Tuesday, May 27, 2008

Parody display: ostentation is in the rip

Parody display is an odd phenomenon. At its heart lies an expensive imitation of less fortunate living.

As a fashion statement, torn jeans are one example of a parody expression which first emerged in the 1990's. Celebrities like Lindsay Lohan and other pop culture influencers of the mass market adopt them precisely because they are in contradiction with their own wealth and success.

It costs more to buy these jeans torn than un-ripped (much to the consternation of parents everywhere placating their children's demands for the latest 'in' thing). It is an indulgence of the affluent.

The idea that something worn - damaged even - is worth more than something new is itself not new.

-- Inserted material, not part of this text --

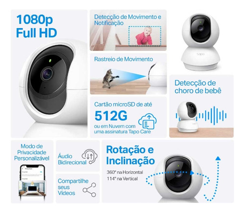 A camera TP-Link Tapo TC70 é a solucao ideal para quem busca seguranca e tranquilidade em ambientes internos. Com resolucao Full HD 1080p, voce poderá monitorar cada detalhe com clareza. Seu design elegante na cor branca se adapta facilmente a qualquer decoracao, tornando-a uma adicao discreta e eficaz a sua casa. Equipado com tecnologia de deteccao de movimento, o TC70 oferece um campo de visao panoramico de 360° horizontal e 114° vertical, permitindo que voce acompanhe o que acontece em todos os cantos do ambiente. A funcao de rastreamento de movimento garante que a camera siga automaticamente qualquer atividade suspeita, proporcionando uma vigilancia contínua e eficaz. A camera também conta com áudio bidirecional, permitindo que voce se comunique com quem está no local, seja para acalmar um bebe ou interagir com visitantes. A deteccao de choro de bebe e de pessoas adiciona uma camada extra de seguranca, alertando voce sobre eventos importantes em tempo real. Com conectividade Wi-Fi, voce pode acessar as imagens da camera diretamente pelo seu smartphone, seja iOS ou Android. A visao noturna garante que voce tenha monitoramento mesmo em condicoes de pouca luz, assegurando que sua casa esteja sempre protegida, dia e noite.

In Elizabethan England, patina - the worn marks that accumulate on a prized object - had status conferring significance. In becoming minutely dented, chipped, oxidized and worn from use over time, the physical property of patina took on a symbolic property: the accumulation of physical flaws suggested the object had been in the owner's possession for some time, implying longevity to the wealth being displayed and that the family was no newcomer to its present social standing. (McCracken 1990)

We encountered a new medium for parody display recently:

Why not furniture? Duct-tape is a universal measure to fix and patch up almost anything that's ripped, torn or broken. Leveraging this association as a purposeful design element in furniture is classic parody display. No one would so willing put it on display unless it carried different expressive value.